Just curious as to some potential thoughts. Also, not wanting to break the bank.

Thanks
Robbie


----------



## Jungle_Jim (Nov 16, 2007)

Tikka T3 lite stainless


----------



## peckerwood (Jun 9, 2012)

My S&W .308 made by Husqvarna is the lightest rifle I own and the one that has gotten the most use after 40 years.If I had to buy another rifle,I would shop around for an old S&W or a full fledge Husqvarna.Scope,sling and gun I bet doesn't weigh 6lbs.Later on,they gave their rifle contract to I think Mossberg and are no where near as nice of a gun.


----------



## peckerwood (Jun 9, 2012)

Just done some research and the later S&W's were made by Howa of Japan.


----------



## Csafisher (Nov 16, 2010)

peckerwood said:


> My S&W .308 made by Husqvarna is the lightest rifle I own and the one that has gotten the most use after 40 years.If I had to buy another rifle,I would shop around for an old S&W or a full fledge Husqvarna.Scope,sling and gun I bet doesn't weigh 6lbs.Later on,they gave their rifle contract to I think Mossberg and are no where near as nice of a gun.


I have a .300wm husky imported by S&W and it is light as well. Absolutely love that rifle. Not sure about S&W but husqvarna was later manufactured by carl gustav for a little while I think.

But I would take a look at a tikka t3 lite for sure. Light and accurate.


----------



## mlw85547 (Nov 2, 2015)

My Ruger GSR is said to be 7 lbs dry. I really like it for hunting east texas. I have a 1.5-4x leupold intermediate eye relief scope (i dont consider it to be a scout scope) mounted on it. with the 16" barrel it is really convenient in the blind and relatively light and compact when compared to some of the other guns guys are using at my lease. 

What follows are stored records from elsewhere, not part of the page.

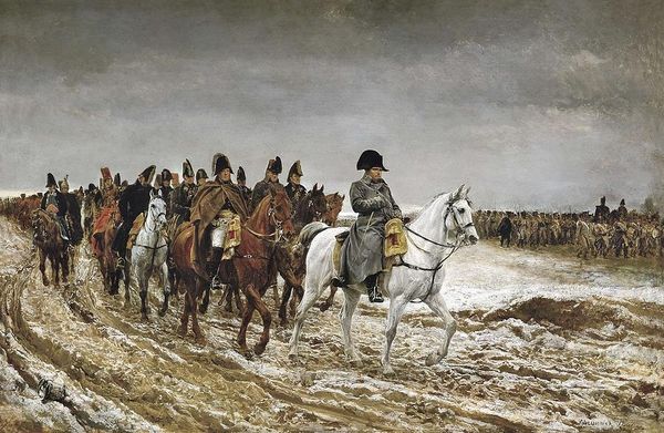 Emil Hünten's painting, "Giving the Orders," captures a moment of command amidst the theater of war. Hünten, born in Paris, and having served as a war artist himself, conveys the drama and tension inherent in military leadership. Consider how the figures on horseback dominate the foreground, their elevated position symbolizing authority and control. The central figure, with his outstretched arm, directs the movement of troops into the field of battle, reminding us of the power dynamics at play in times of conflict. Reflect on the human cost of such decisions, as soldiers march forward, their faces obscured, their individual identities subsumed by the collective effort. Hünten presents a traditionally masculine view of war and leadership that was common at the time it was painted. Ask yourself, what alternative narratives about war might be missing from this image? Perhaps those of women, civilians, or the conquered? As you reflect on this painting, consider the many stories that remain untold.
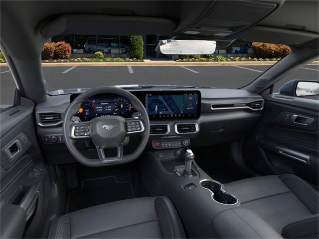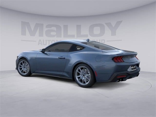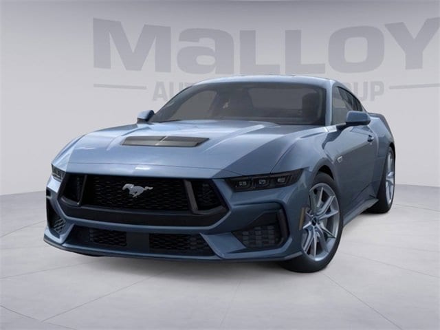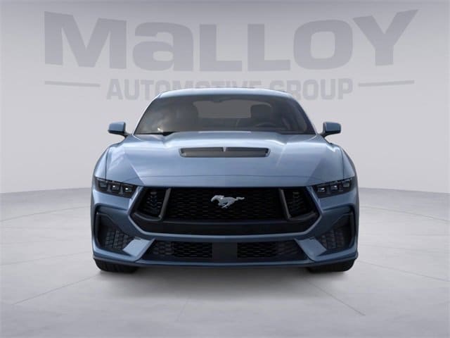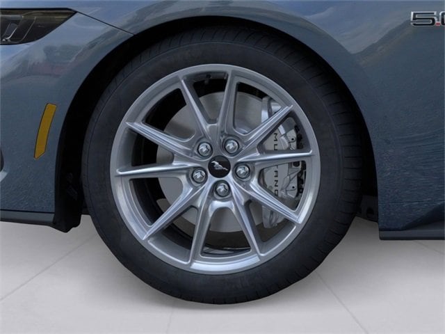 Anti-Theft Package (Active Anti-Theft System, Locking Center Console, and Wheel Locking Kit), Equipment Group 401A High Package (Aluminum Foot Pedals, Driver Seat Memory w/3 Settings, Leather-Trimmed Bucket Seats w/Color Accents, Magnesium Framed Panoramic Curved Display, and Perimeter Alarm), Ford Co-Pilot360 Assist+ (One-Year Connected Navigation and Pre-Collision Assist w/Automatic Emergency Braking), 3.55 Limited Slip Rear Axle, 4-Wheel Disc Brakes, ABS brakes, Active Valve Performance Exhaust, Adaptive Cruise Control w/Stop & Go, Air Conditioning, Alloy wheels, AM/FM Stereo, Auto High-beam Headlights, Automatic temperature control, B&O Sound System by Bang & Olufsen w/12 Speakers, Black Painted Wedge Decklid Spoiler, Brake assist, Bumpers: body-color, Compass, Delay-off headlights, Driver door bin, Driver vanity mirror, Dual front impact airbags, Dual front side impact airbags, Electronic Stability Control, Emergency communication system: 911 Assist, Exterior Parking Camera Rear, Floor Mats, 1st Row, Black w/City Silver GT Logo, Ford Connectivity Pack (One-Time Purchase - 7 Yrs), Four wheel independent suspension, Front anti-roll bar, Front Bucket Seats, Front Center Armrest, Front dual zone A/C, Front reading lights, Fully automatic headlights, Illuminated entry, Instrument Panel w/Accent Stitch, Knee airbag, Lane-Keeping System w/Lane Keeping Aid, Leather Shift Knob, Leather steering wheel, Low tire pressure warning, Occupant sensing airbag, Outside temperature display, Overhead airbag, Overhead console, Panic alarm, Passenger door bin, Passenger vanity mirror, Power door mirrors, Power steering, Power windows, Radio data system, Rain sensing wipers, Rear anti-roll bar, Rear Parking Sensors, Rear window defroster, Remote keyless entry, Speed control, Speed-sensing steering, Speed-Sensitive Wipers, Split folding rear seat, Sport steering wheel, Steering wheel mounted audio controls, SYNC 4, Tachometer, Telescoping steering wheel, Tilt steering wheel, Traction control, Trip computer, Variably intermittent wipers, Voltmeter, and Wedge Decklid Spoiler. 2026 Ford Mustang 5.0L V8 Ti-VCT Vapor Blue Metallic
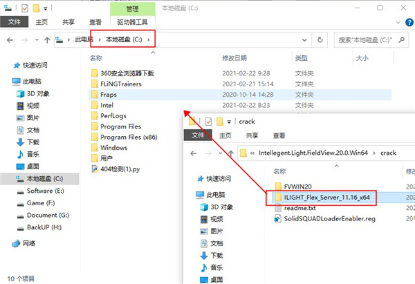 1、复制补丁文件夹ILIGHT_Flex_Server_x64到C盘根目录:C:\

Ruger also has a synthetic stock version that is lighter than my laminate wood stock. to use something like an Xsight on the gun i would recommend getting the full length rail for the top or something similar. 

Mine is easily 1.5-2 MOA with Federal Premium 168gr BTHP with Sierra MatchKing Bullets. Probably better guns out there, but this works well for me.


----------



## Ernest (May 21, 2004)

Many of the Huskies and Howa's (i.e. Weatherby Vanguards) are simply modified mausers. The lightweight in those bolt actions is not a product of the action design, but is a product of the stock choice and more importantly, barrel length and profile. Basically, all large ring mausers or small ring mausers have a very similar action weight until you get to truly custom actions. 

Same with Rem 700's and many of the rest of the commercial actions. The weight savings is in the barrel and stock. 

Want a light weight bolt action? Buy a decent action with a short pencil barrel and buy a real lightweight stock. In that regard, Rem 700's have far more realistic stock and barrel choices.


----------



## Champion22 (Jan 18, 2008)

Thanks for the quick replies...definitely will be checking the recommendations out and see where it leads this holiday season!


----------



## CHARLIE (Jun 2, 2004)

Find you a model 7 Remington.


----------



## mas360 (Nov 21, 2006)

The lightest weight receiver is probably the CZ527 and the Zastava mini-Mauser Mark X. These actions are sized for the .223 or 7.62x39 cartridges. I am thinking a custom CZ527 chambered in .300 Blackout shooting 125 grains bullet would be a cool light rifle for shots under 200 yards.


----------



## Bearkat (Jul 18, 2008)

I just picked up a Ruger RSI in .308. It has an 18.5" barrel and is right at 7 lbs. dry. How old is your son? With 165 gr bullets it will thump you pretty good. Definitely more than my boy's .243 shooting 85 or 100 gr. bullets.


----------



## Champion22 (Jan 18, 2008)

He is 9-10. Has taken very easily to shooting .243 this year and is quite a good shot. Probably won't let him shoot it til mid next year but I wanted to start looking now and possibly get a deal on something used when it comes around. Might even put a rail on his .243 and throw the night vision on it for next year if push comes to shove or I don't feel he will be able to handle it next year.


----------



## Ernest (May 21, 2004)

Unless it is going to use a can, why would you build a Mini-M or CZ527 in Blackout? 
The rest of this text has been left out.